::: Information provided

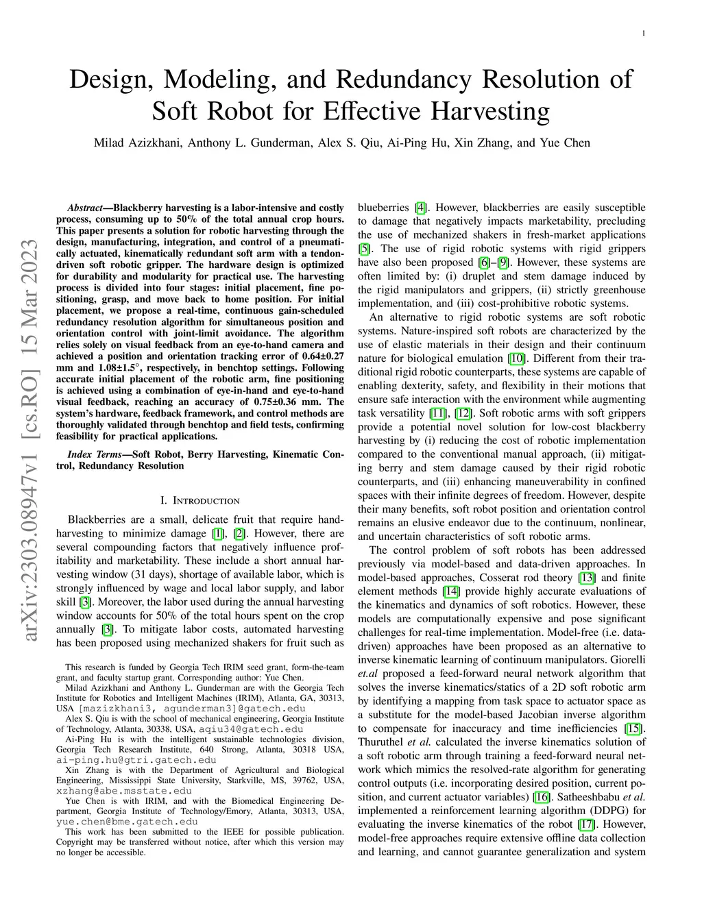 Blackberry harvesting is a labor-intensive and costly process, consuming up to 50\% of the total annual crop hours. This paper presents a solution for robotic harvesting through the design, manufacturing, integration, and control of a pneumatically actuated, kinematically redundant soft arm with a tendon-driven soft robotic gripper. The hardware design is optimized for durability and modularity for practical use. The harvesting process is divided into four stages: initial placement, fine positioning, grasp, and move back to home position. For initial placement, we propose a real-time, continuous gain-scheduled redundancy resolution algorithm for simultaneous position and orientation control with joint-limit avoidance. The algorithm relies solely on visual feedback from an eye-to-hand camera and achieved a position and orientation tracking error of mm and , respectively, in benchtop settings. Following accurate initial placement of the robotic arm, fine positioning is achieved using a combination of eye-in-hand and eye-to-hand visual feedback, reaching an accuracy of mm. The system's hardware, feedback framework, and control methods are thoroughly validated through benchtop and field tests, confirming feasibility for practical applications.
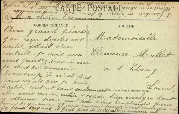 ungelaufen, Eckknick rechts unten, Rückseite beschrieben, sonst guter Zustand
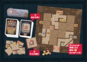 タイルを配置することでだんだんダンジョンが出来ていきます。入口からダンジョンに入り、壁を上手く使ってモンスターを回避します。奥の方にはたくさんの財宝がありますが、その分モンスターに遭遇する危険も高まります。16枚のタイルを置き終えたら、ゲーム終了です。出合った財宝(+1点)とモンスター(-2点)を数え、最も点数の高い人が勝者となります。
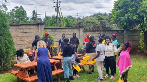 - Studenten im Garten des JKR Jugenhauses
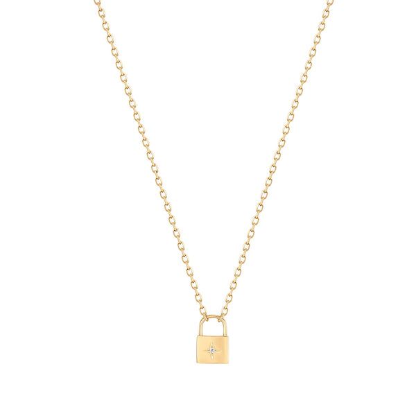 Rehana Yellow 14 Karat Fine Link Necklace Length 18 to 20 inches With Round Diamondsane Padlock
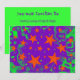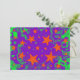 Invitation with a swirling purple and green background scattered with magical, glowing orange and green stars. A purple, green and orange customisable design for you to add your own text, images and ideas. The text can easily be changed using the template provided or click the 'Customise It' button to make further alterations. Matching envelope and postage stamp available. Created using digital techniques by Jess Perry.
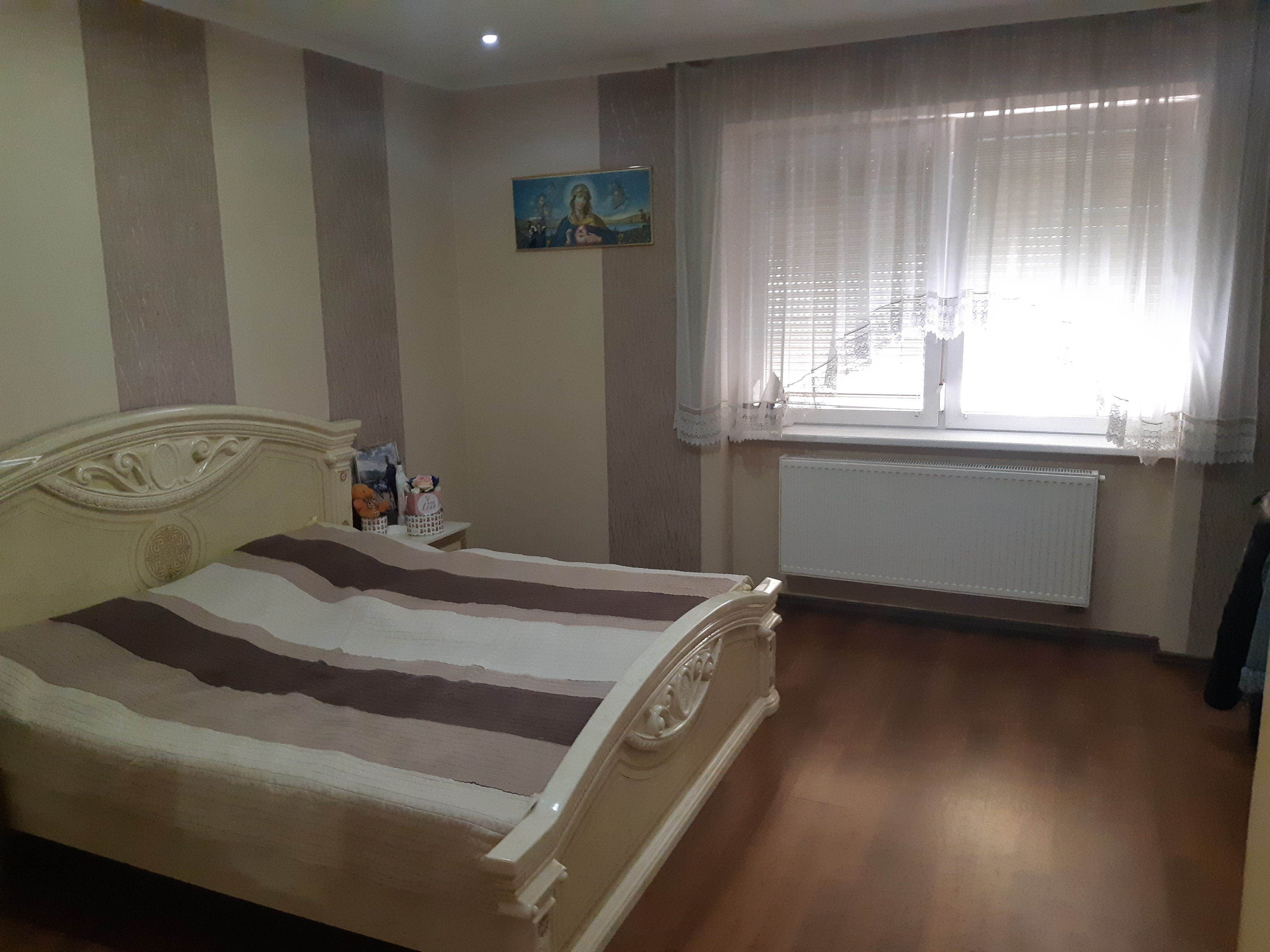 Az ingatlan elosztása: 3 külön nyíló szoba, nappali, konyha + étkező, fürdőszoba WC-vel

::::::
::: Information provided

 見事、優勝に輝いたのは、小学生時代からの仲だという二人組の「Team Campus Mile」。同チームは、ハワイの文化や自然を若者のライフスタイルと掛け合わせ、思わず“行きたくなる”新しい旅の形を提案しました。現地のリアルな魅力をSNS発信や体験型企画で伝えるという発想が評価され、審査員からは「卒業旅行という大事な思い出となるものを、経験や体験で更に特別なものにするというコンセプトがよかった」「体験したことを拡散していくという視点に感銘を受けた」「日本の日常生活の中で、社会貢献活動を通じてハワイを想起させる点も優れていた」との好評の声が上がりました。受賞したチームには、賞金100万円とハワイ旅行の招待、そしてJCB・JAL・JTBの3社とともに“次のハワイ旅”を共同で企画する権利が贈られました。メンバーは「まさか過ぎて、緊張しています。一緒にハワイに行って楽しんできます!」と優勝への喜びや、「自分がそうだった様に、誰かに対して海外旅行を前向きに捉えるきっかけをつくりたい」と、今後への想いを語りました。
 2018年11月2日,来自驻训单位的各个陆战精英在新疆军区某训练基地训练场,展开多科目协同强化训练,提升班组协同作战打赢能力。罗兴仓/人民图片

::::::

Your assignment.
A word-for-word reproduction is needed of the lines above from the line containing "タイルを配置することでだんだ" through the line containing "Rehana Yellow 14", with both ends kept and no pictures.

Expected output.
 タイルを配置することでだんだんダンジョンが出来ていきます。入口からダンジョンに入り、壁を上手く使ってモンスターを回避します。奥の方にはたくさんの財宝がありますが、その分モンスターに遭遇する危険も高まります。16枚のタイルを置き終えたら、ゲーム終了です。出合った財宝(+1点)とモンスター(-2点)を数え、最も点数の高い人が勝者となります。
 - Studenten im Garten des JKR Jugenhauses
 Rehana Yellow 14 Karat Fine Link Necklace Length 18 to 20 inches With Round Diamondsane Padlock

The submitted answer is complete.